In a more detailed analysis of our results, we looked for the influence of disease duration and treatment. We found that, RA patients with normal cIMT had longer disease duration and lower levels of TNFα and IL-6 (Table 1) probably due to the benefit of prolonged use of antirheumatic drugs in the prevention of subclinical atherosclerosis [22]. In vitro studies using methotrexate (MTX) favor the cholesterol efflux through activation of adenosine A2 receptor, which in turn prevents the foam cell differentiation and atherosclerosis plaque formation [23, 24]. MTX might downregulate serum TNFα in RA [25]. A large study that enrolled more than 8,000 patients using synthetic DMARDS compared with anti-TNFα users (11,000 approximately) showed a reduction in cardiovascular risk in both groups, even though the reduction was greater in the anti-TNFα treated patients [26, 27].

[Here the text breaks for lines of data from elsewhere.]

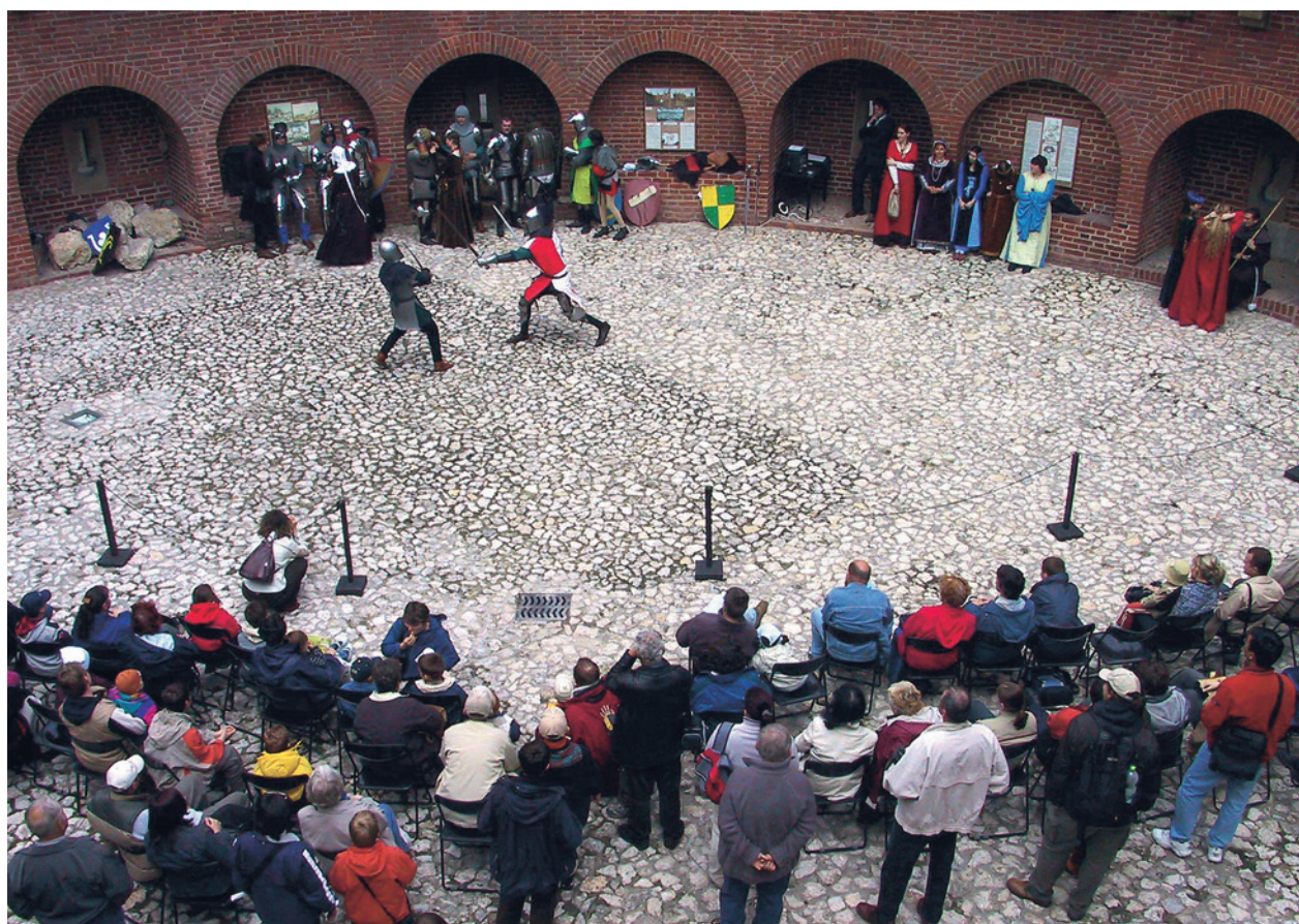
Turniej rycerski w Barbakanie

utworu Operze Krakowskiej (orkiestra, chór, soliści). Pracykonanie miało miejsce na dziedzińcu Pałacu Krzysztofora i spotkało się z bardzo ciepłym przyjęciem słuchaczy. Koncert ten sprawił, że otwarcie wystawy stało się wydarzeniem o wymiarze niespotykanym w historii krakowskiego muzealnictwa.
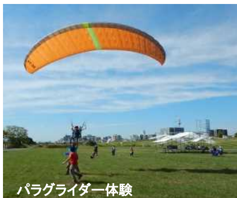
パラグライダー体験
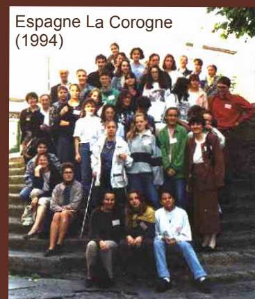
Espagne La Corogne (1994)

L'Orchestre est fier de se produire chaque printemps dans sa ville, et pour satisfaire son public, il instaure un concert de fin d'année à partir de 2013. Les élèves de l'Ecole de Musique renforcent l'Orchestre lors de ces concerts.
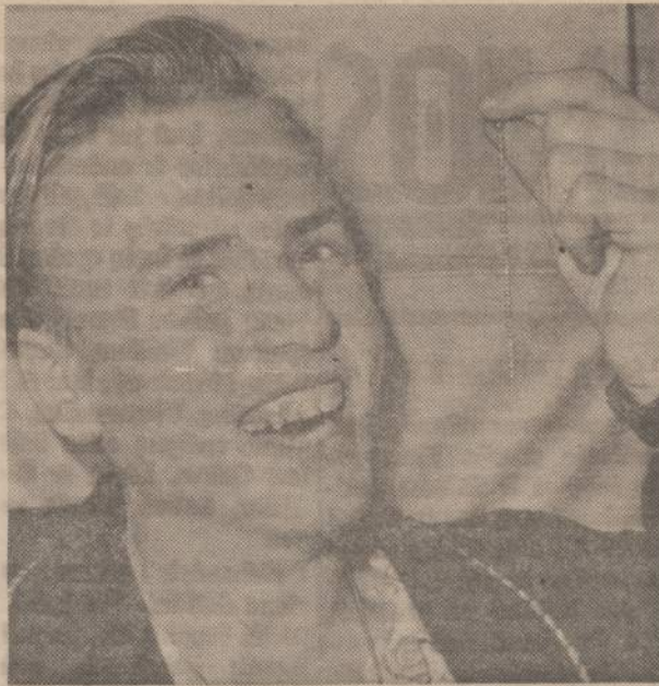
Prieš kelis metus paveiksle matomas jaunuolis prarijo 6 colių rėželį. Tas rėželis pateko į apendiksą ir apaugo. Jam buvo padaryta operacija ir ilgus metus išnešiotas rėželis išimtas.

"Niekas dar nežino, dėlko tas laikotarpis tarp pusės ir pusantų metų yra tiek svarbus žmonėms emociniam išsivystymui suaugus", sako doktoras, nes iki pusės metų ir po pusantų metų vaikas motinos nebuvimą ar jos nervuotą nuotaiką "gana lengvai" pakelias.
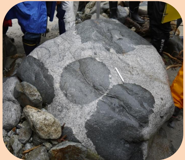
祖母谷温泉近くで見える黒部川花崗岩

風林火山の一説には「動かざること山のごとし」とありますが、実は飛騨山脈は驚くほど動いています。それを象徴するものは、パンダ模様の「黒部川花崗岩」で、黒部峡谷の樺平から黒部ダムあたりの東側に分布しています。通常、花崗岩とは地下数キロでゆっくりと冷え固まってできる岩石で、地表には数千万年より古いものが多くあります。しかしこの花崗岩は、その100倍も新しい80万年前の世界一新しい花崗岩です。つまりこの岩石は、80万年の間に数千メートルの距離を上昇したことになります。黒部川花崗岩は、飛騨山脈が急激に隆起し、黒部川によって激しく侵食された結果地表に現れた、大地の変動を示す証拠なのです。
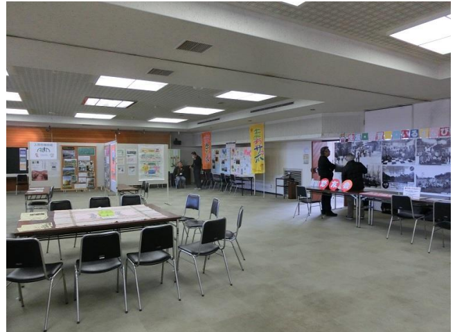
会場は閑散としていた
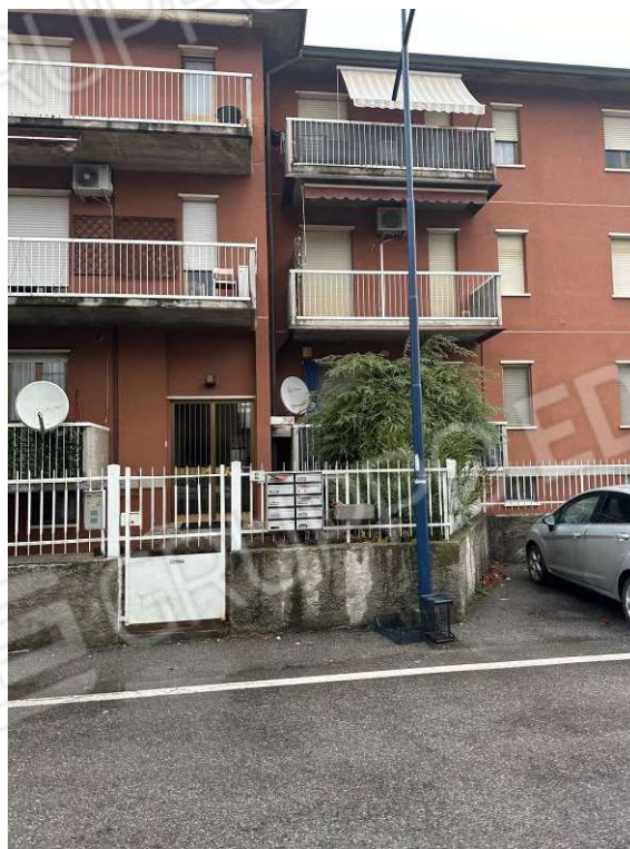
Fotografia n. 2: esterno

Based on our results, low PBMC CD36 membrane expression showed a negative correlation with cIMT, ox-LDL, TNFα , IL-6, and DAS28. From the clinical standpoint, the interaction between these factors might reflect the importance of CD36 in the development of atherosclerosis in RA.

5. Conclusion

RA patients with subclinical atherosclerosis showed low membrane expression of CD36 in PBMC and increased serum proinflammatory cytokines. Translation of the results from these studies to the clinical field is difficult since the functional role of CD36 depends on the target cell. Further studies are needed to validate our findings and clarify the downregulation of CD36 in RA.

Acknowledgment

The authors thank Professor Minoru Satoh, M.D. and Ph.D., for reviewing this paper.

Conflict of Interests

The authors declare that they do not have conflict of interests.